### Task objective
Return the entries below word for word. No picture belongs in the copy.

### Dataset
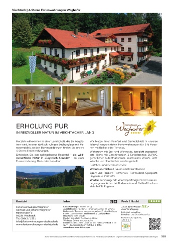 www.ferienwohnungen-viechtach.de Freizeit: Skilift: 12 km, Loipe: 10 km, Hallen-/Freibad: 5 km
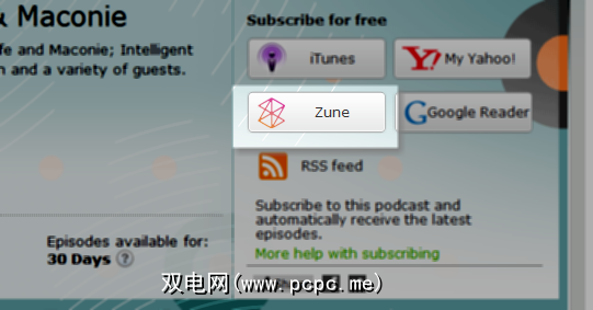 使用网站智能链接更加容易-只需在托管播客的网页上查找与众不同的Zune徽标,然后单击它即可将其添加到您的收藏中。
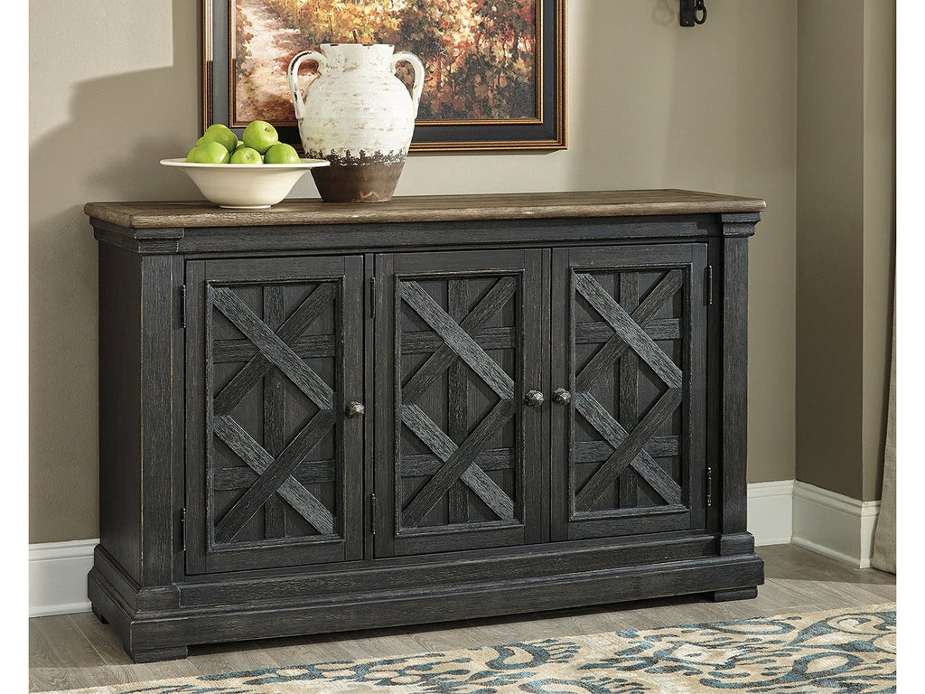 Invite your family into the heart of your home with this dining room server. Its beautifully textured black finish and timeworn planked oak top create a unique two-tone contrast. A charming lattice design graces the front of the doors. Thick pilasters add to the sturdiness of the foundation. And cabinets offer plenty of storage space for essentials. This is trend-right urban farmhouse style.
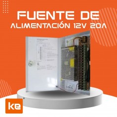 Diseñada para entregar 12V DC con una salida total de 20A, esta fuente es capaz de alimentar múltiples cámaras y dispositivos de seguridad de manera simultánea, manteniendo una distribución eléctrica estable y segura.
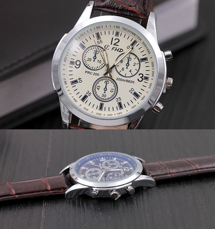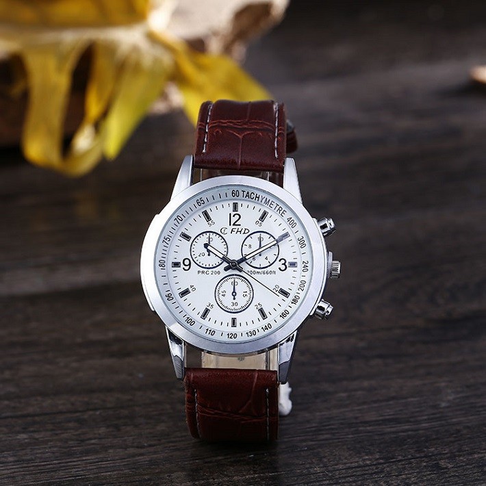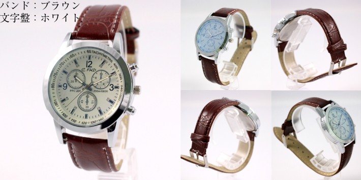 時計 腕時計 メンズ レザー バンド クロコ風 アナログ ブラウン ホワイト
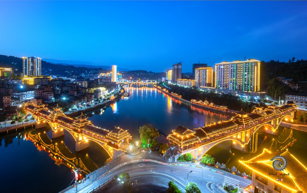 在贵州省黔东南苗族侗族自治州锦屏县城的清水江畔灯光熣灿,风雨桥、风雨桥及滨江景观倒映在江面,流光溢彩的夜景美美不胜收。
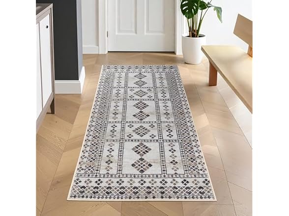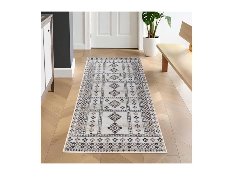 - (1) Superior Modern Diamond Border Washable Indoor Area Rug, 2'7"x6', Ivory
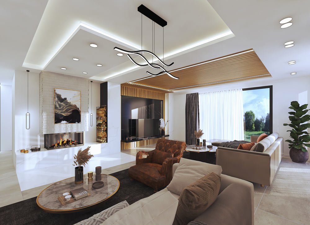 برای افزودن جلوه به داخل خانه، از تضاد میان رنگهای تاریک و روشن استفاده کنید. به عنوان مثال، اگر دیوارها رنگ تیرهای داشته باشند، از رنگهای روشن برای مبلمان و لوازم دیگر استفاده کنید.
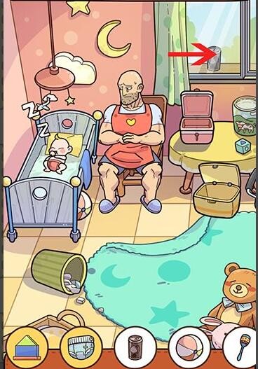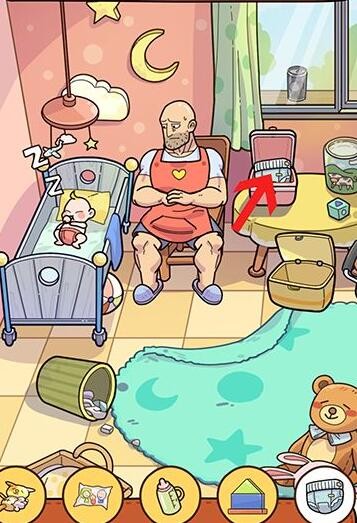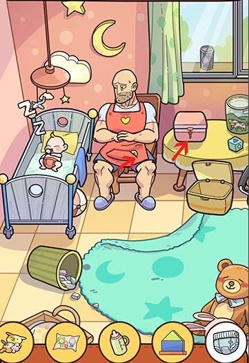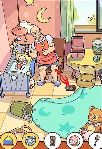 6、点击奶爸口袋里的钥匙,开启桌子上的箱子,点击尿不湿收起。
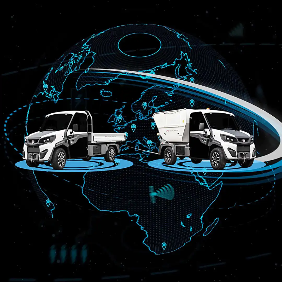 Alkè ATX 440S electric utility vehicles are highly agile, flexible and robust electric work vehicles, compact in size, with a chassis load capacity of 1,550 kg and a towing capacity of up to 4,500 kg (in private areas).
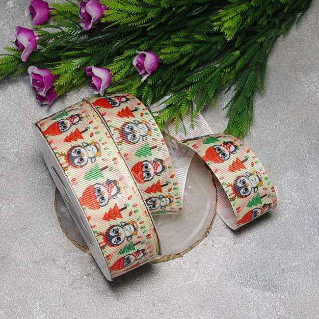 Лента репсовая 2,5 см, Пингвинчики, 1 м
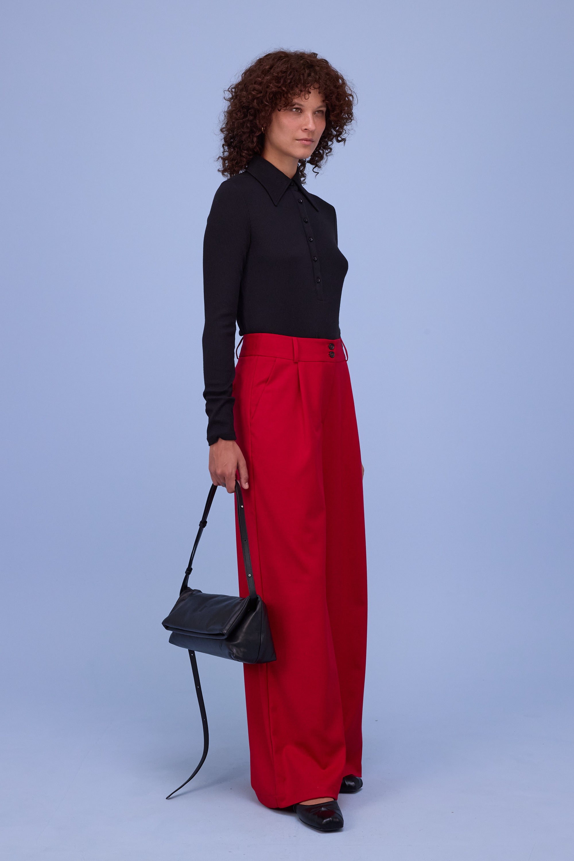 Anpassendes Poloshirt mit ausgeprägtem Spitzkragen aus Rippbaumwollmischung. Durch die lange Knopfleiste ist ein tiefer V-Ausschnitt möglich.
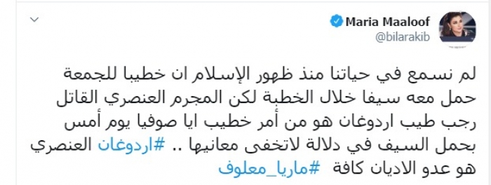هاجمت الإعلامية اللبنانية ماريا معلوف، اليوم الأحد، رئيس النظام التركي رجب طيب أردوغان، مؤكدة أنه عنصري وعدو للأديان كافة.
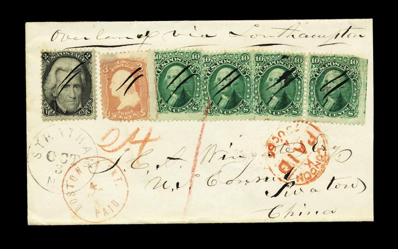 879 c 73 image#73, 2c Black, along with 3c Rose (#65) and four 10c Green (#68) on 1864 cover to Swatow, China, stamps with ms. cancels, Stratham, N.H. ms. pmk. at left also ties 3c, red Boston Paid backstamp, red London Paid, blue Hong Kong receiver, two 10c stamps with faults, slightly reduced at right, fresh and fine. (Image) Est. 500-750
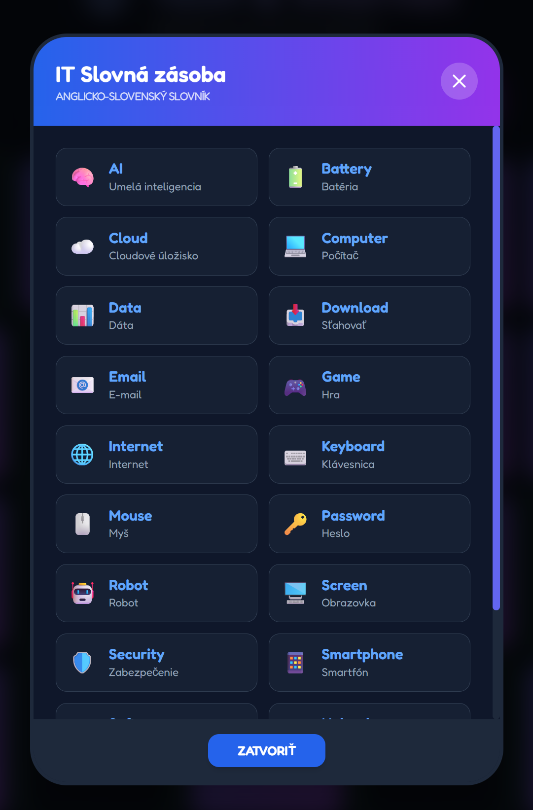 - 20 odborných pojmov: Rozdelených do kategórií hardvér, softvér, internet a bezpečnosť.

### Response box
 www.ferienwohnungen-viechtach.de Freizeit: Skilift: 12 km, Loipe: 10 km, Hallen-/Freibad: 5 km
 使用网站智能链接更加容易-只需在托管播客的网页上查找与众不同的Zune徽标,然后单击它即可将其添加到您的收藏中。
 Invite your family into the heart of your home with this dining room server. Its beautifully textured black finish and timeworn planked oak top create a unique two-tone contrast. A charming lattice design graces the front of the doors. Thick pilasters add to the sturdiness of the foundation. And cabinets offer plenty of storage space for essentials. This is trend-right urban farmhouse style.
 Diseñada para entregar 12V DC con una salida total de 20A, esta fuente es capaz de alimentar múltiples cámaras y dispositivos de seguridad de manera simultánea, manteniendo una distribución eléctrica estable y segura.
 時計 腕時計 メンズ レザー バンド クロコ風 アナログ ブラウン ホワイト
 在贵州省黔东南苗族侗族自治州锦屏县城的清水江畔灯光熣灿,风雨桥、风雨桥及滨江景观倒映在江面,流光溢彩的夜景美美不胜收。
 - (1) Superior Modern Diamond Border Washable Indoor Area Rug, 2'7"x6', Ivory
 برای افزودن جلوه به داخل خانه، از تضاد میان رنگهای تاریک و روشن استفاده کنید. به عنوان مثال، اگر دیوارها رنگ تیرهای داشته باشند، از رنگهای روشن برای مبلمان و لوازم دیگر استفاده کنید.
 6、点击奶爸口袋里的钥匙,开启桌子上的箱子,点击尿不湿收起。
 Alkè ATX 440S electric utility vehicles are highly agile, flexible and robust electric work vehicles, compact in size, with a chassis load capacity of 1,550 kg and a towing capacity of up to 4,500 kg (in private areas).
 Лента репсовая 2,5 см, Пингвинчики, 1 м
 Anpassendes Poloshirt mit ausgeprägtem Spitzkragen aus Rippbaumwollmischung. Durch die lange Knopfleiste ist ein tiefer V-Ausschnitt möglich.
هاجمت الإعلامية اللبنانية ماريا معلوف، اليوم الأحد، رئيس النظام التركي رجب طيب أردوغان، مؤكدة أنه عنصري وعدو للأديان كافة.
 879 c 73 image#73, 2c Black, along with 3c Rose (#65) and four 10c Green (#68) on 1864 cover to Swatow, China, stamps with ms. cancels, Stratham, N.H. ms. pmk. at left also ties 3c, red Boston Paid backstamp, red London Paid, blue Hong Kong receiver, two 10c stamps with faults, slightly reduced at right, fresh and fine. (Image) Est. 500-750
 - 20 odborných pojmov: Rozdelených do kategórií hardvér, softvér, internet a bezpečnosť.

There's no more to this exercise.